Network programming

Paul Harrison -- pfh@csse.monash.edu.au


Networks

A network is a collection of computers connected together somehow.

  • The computers communicate by sending each other small packets of data (generally in the order of a kilobyte).

    Example: ethernet, wireless, modem, wide area networks

  • Every computer in the network can communicate directly with every other computer in the network.

  • Every computer has a network address, often called a hardware address.

    Example: the hardware address of my laptop is 00:30:65:01:02:54


    Internetworks

  • A computer can be joined to more than one network. These computers are called gateways.

  • These computers can relay packets between networks.

  • A collection of networks connected by gateways is called an internetwork.

    Example: the internet

  • Each computer in an internetwork has another address. On the internet, this is called its IP address (IP stands for Internet Protocol).

    Example: the IP address of my laptop is 130.194.225.100

  • Gateways use this address to decide which network to send a packet on to.

    Example: a packet sent from mandarin.csse.monash.edu.au to www.anu.edu.au passes through six gateways in approximately 50 milliseconds.

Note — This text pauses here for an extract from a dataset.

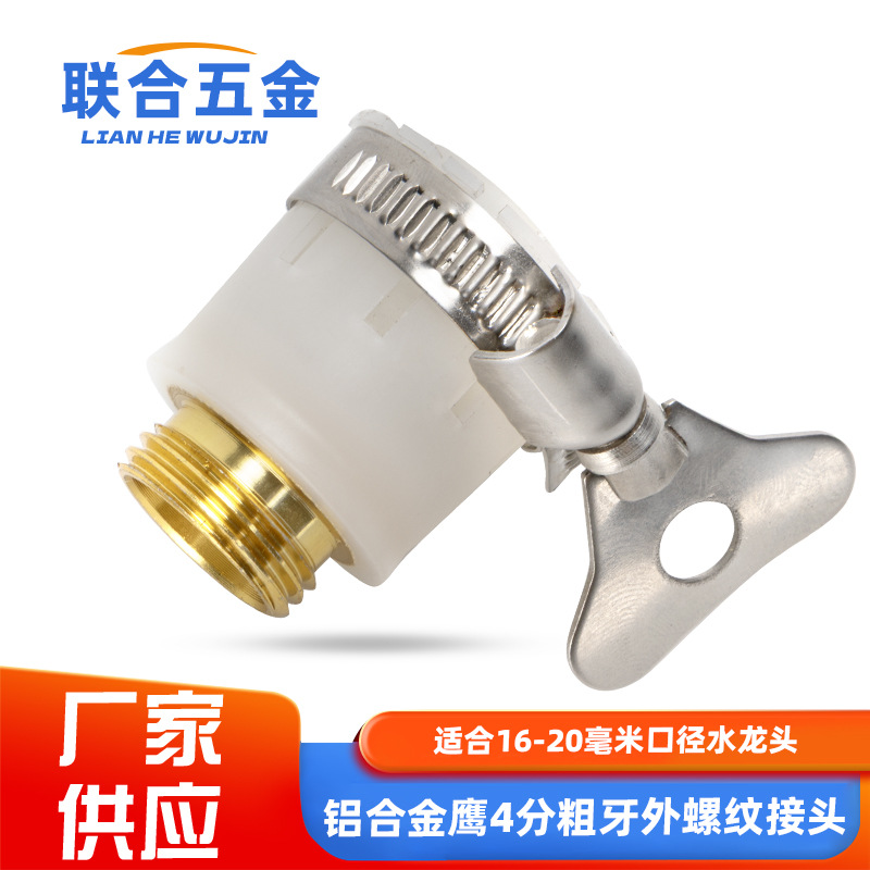 蛇口は4点銅メッキ全鋼クランプに接続、白いプラスチック8爪蛇口多機能コネクタ洗車水鉄砲部品

      # traceroute www.anu.edu.au   
      traceroute to www.anu.edu.au (150.203.99.8), 30 hops max, 38 byte packets
       1  caul-gw.monash.edu.au (130.194.227.254)  4.219 ms  3.191 ms  3.243 ms
       2  monash-gw-28.net.monash.edu.au (130.194.28.1)  4.516 ms  4.043 ms  4.250 ms
       3  vic-gw.vrn.edu.au (203.21.130.33)  13.524 ms  19.739 ms  20.501 ms
       4  vic-act.atm.net.aarnet.edu.au (192.12.76.34)  164.509 ms  168.172 ms  184.508 ms
       5  anu-anuhub.carno.net.au (203.22.212.34)  207.311 ms  130.980 ms  131.975 ms
       6  hanhuba.anu.edu.au (150.203.205.3)  154.367 ms  137.398 ms  146.712 ms
       7  www.anu.edu.au (150.203.99.8)  161.976 ms  184.624 ms  187.591 ms

  • Most computers on the internet also have a domain name. This is a human readable name.

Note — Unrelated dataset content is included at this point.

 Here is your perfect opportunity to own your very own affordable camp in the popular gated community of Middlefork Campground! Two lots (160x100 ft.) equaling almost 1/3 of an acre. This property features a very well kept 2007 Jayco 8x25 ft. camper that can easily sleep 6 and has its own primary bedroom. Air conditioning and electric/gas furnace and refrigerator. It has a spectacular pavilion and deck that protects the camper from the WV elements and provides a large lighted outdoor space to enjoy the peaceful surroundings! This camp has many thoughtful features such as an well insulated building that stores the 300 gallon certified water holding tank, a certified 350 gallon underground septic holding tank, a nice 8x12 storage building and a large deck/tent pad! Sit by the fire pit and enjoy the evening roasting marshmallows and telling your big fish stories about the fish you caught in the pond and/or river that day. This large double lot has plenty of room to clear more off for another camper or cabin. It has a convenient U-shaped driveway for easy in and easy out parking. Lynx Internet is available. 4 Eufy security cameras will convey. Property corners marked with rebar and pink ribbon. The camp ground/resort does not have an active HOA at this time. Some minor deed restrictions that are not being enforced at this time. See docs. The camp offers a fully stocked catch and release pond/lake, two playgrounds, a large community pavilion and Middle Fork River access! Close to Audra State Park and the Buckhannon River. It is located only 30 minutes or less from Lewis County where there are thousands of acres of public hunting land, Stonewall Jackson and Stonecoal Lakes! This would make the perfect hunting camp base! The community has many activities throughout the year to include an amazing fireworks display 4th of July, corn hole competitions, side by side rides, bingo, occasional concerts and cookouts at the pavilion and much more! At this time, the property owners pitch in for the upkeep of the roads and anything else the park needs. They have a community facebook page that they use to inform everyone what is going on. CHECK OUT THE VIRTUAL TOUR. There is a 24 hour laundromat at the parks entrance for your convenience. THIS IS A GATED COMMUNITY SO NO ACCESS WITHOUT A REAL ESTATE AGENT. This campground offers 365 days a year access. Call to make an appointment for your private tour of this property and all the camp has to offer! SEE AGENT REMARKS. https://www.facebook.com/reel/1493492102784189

    Examples: mandarin.csse.monash.edu.au, www.monash.edu.au


    The TCP/IP protocol stack

    The vast majority of network applications today use TCP/IP.

  • TCP stands for Transfer Control Protocol.

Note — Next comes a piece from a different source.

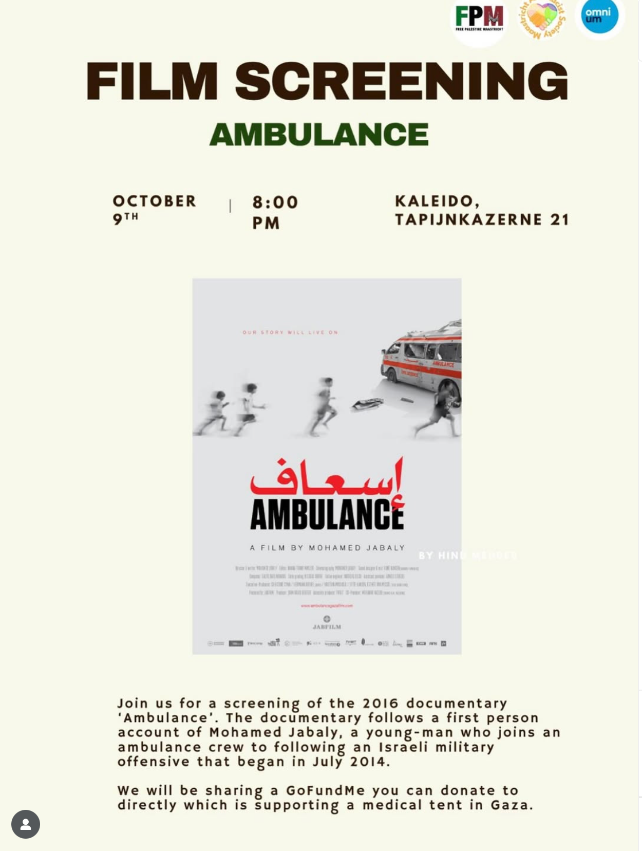 Het door de universiteit gefinancierde OmniUM verbindt zich nu nadrukkelijk met de Palestijnse zaak, door samen met de Free Palestine Maastricht op een affiche te gaan staan voor een film op 9 oktober. Te zien was de film Ambulance, waarbij een ambulance in Gaza gevolgd werd tijdens het optreden van het Israëlische leger in 2014.

    Examples: HTTP (Hyper-Text Transfer Protocol), FTP (File Tranfer Protocol), SSH (Secure SHell)

  • TCP and IP are actually two layers of a Protocol Stack.

    Application (eg HTTP)
    Transfer (TCP)
    Network (IP)
    Data Link (eg ethernet)

    (this is not a stack in the sense of something you can push things onto and pop things off of!)

  • Each layer in the stack builds on top of the layer below it.

  • The Data Link layer does the actual business of communicating with other computers.

  • The Data Link layer is, in a certain specific, well defined sense, unreliable. A packet sent over, say, ethernet is not guaranteed to arrive at its destination.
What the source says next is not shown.